My situation is very similar to the question here: How to use fct_lump() to get the top n levels by group and put the rest in 'other'?
Where I am grouping by two columns and trying to add rows in the second and third columns which add the name "Others" in the second column and sums all values below a percentile in the third column in the same row.
I am working with a large dataframe (df) where I have the following columns: Year (class = Integer, ie 2007, 2008, ...), SciName (class = character), and Flowers (class = numeric)

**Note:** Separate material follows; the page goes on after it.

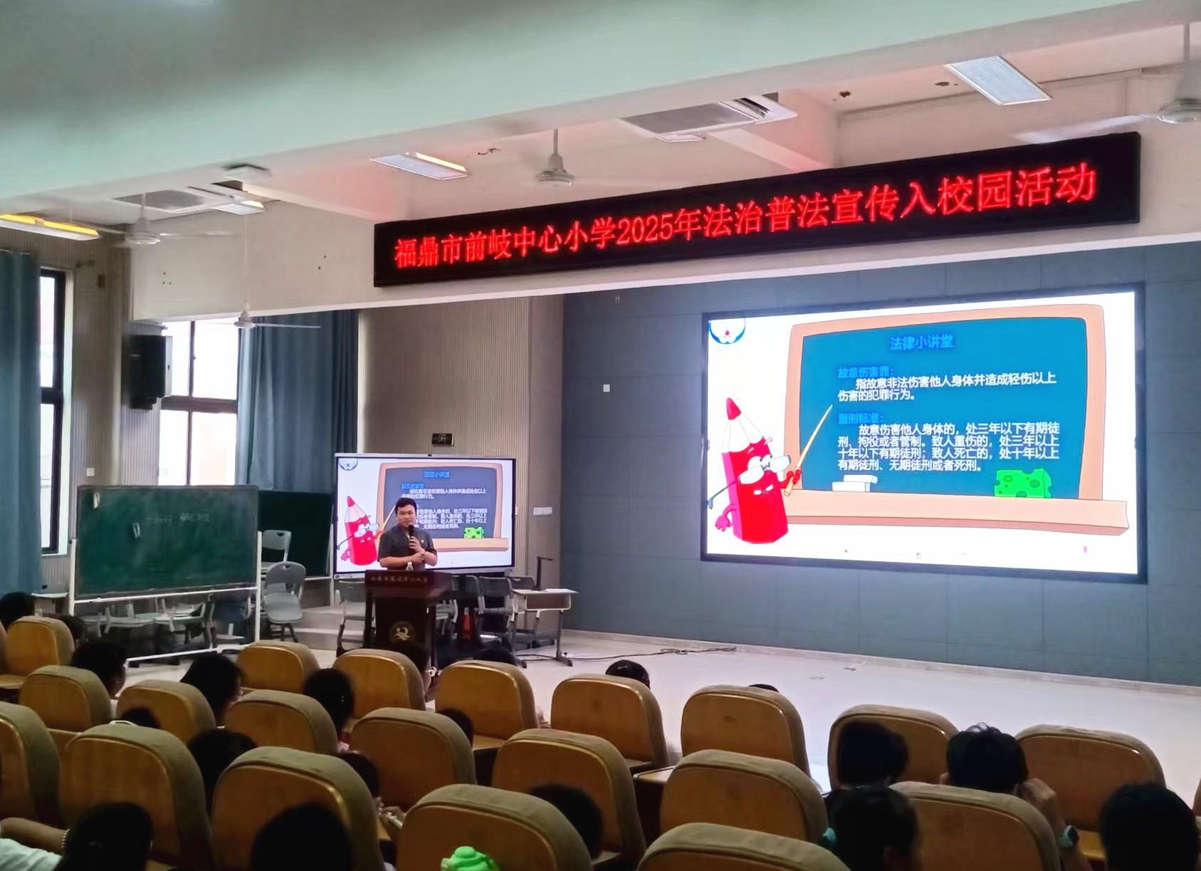 近日,福鼎法院干警前往前岐中心小学开展“送法入校”活动。图为法院干警为同学们上法治教育课。 |

I am able to filter and only show rows with a value above a certain percentile using:
df_filter <- df %>%
filter(Flowers > quantile(Flowers, 0.7))
view(df_filter)
However, I have not been able to find a way to add the others row I need
Following the accepted answer from the similar question I linked above, I have tried:
df_Others <- df %>%
ungroup() %>%
group_by(Year) %>%
arrange(desc(Flowers)) %>%
mutate(a = row_number(-Flowers)) %>%
mutate(SciName = case_when(a < (quantile(df$Flowers, 0.7)) ~ "Others", TRUE ~ as.character(SciName))) %>%
mutate(a = case_when(a < (quantile(df$Flowers, 0.7)) ~ "Others", TRUE ~ as.character(a))) %>%
group_by(Year, SciName, a) %>%
summarize(Flowers = sum(Flowers)) %>%
arrange(Year, a) %>%
select(-a)
View(df_Others)
...but this does not work
Any suggestions on how to do this would be greatly appreciated!
EDIT:
Input:
Year SciName Flowers
2004 Liliac 2000
2004 Rose 3000
2004 Daisy 10
2004 Lily 5
2005 Liliac 20
2005 Rose 3
2005 Daisy 1000
2005 Lily 5000
... ... ...
Expected Output:
Year SciName Flowers
2004 Liliac 2000
2004 Rose 3000
2004 Others 15
2005 Daisy 1000
2005 Lily 5000
2005 Others 23
... ... ...
Without your input data and your expected output, it is difficult to determine why your current approach is not working. I recommend something like the following:
library(dplyr)
# access iris, a build in dataset
data(iris)
df = iris %>%
# all the groups that you want to work within should be listed here
group_by(Species) %>%
# this creates a new column containing the threshold for each group
# replace Sepal.Length with the numeric column you want the percentile of
mutate(threshold = quantile(Sepal.Length, 0.7)) %>%
# in case of duplicate values in Sepal.Length
# creating row-numbers to avoid merging them
mutate(rn = row_number()) %>%
# setup variable that contains the desired output groups
mutate(new_group = ifelse(Sepal.Length < threshold, "other", rn))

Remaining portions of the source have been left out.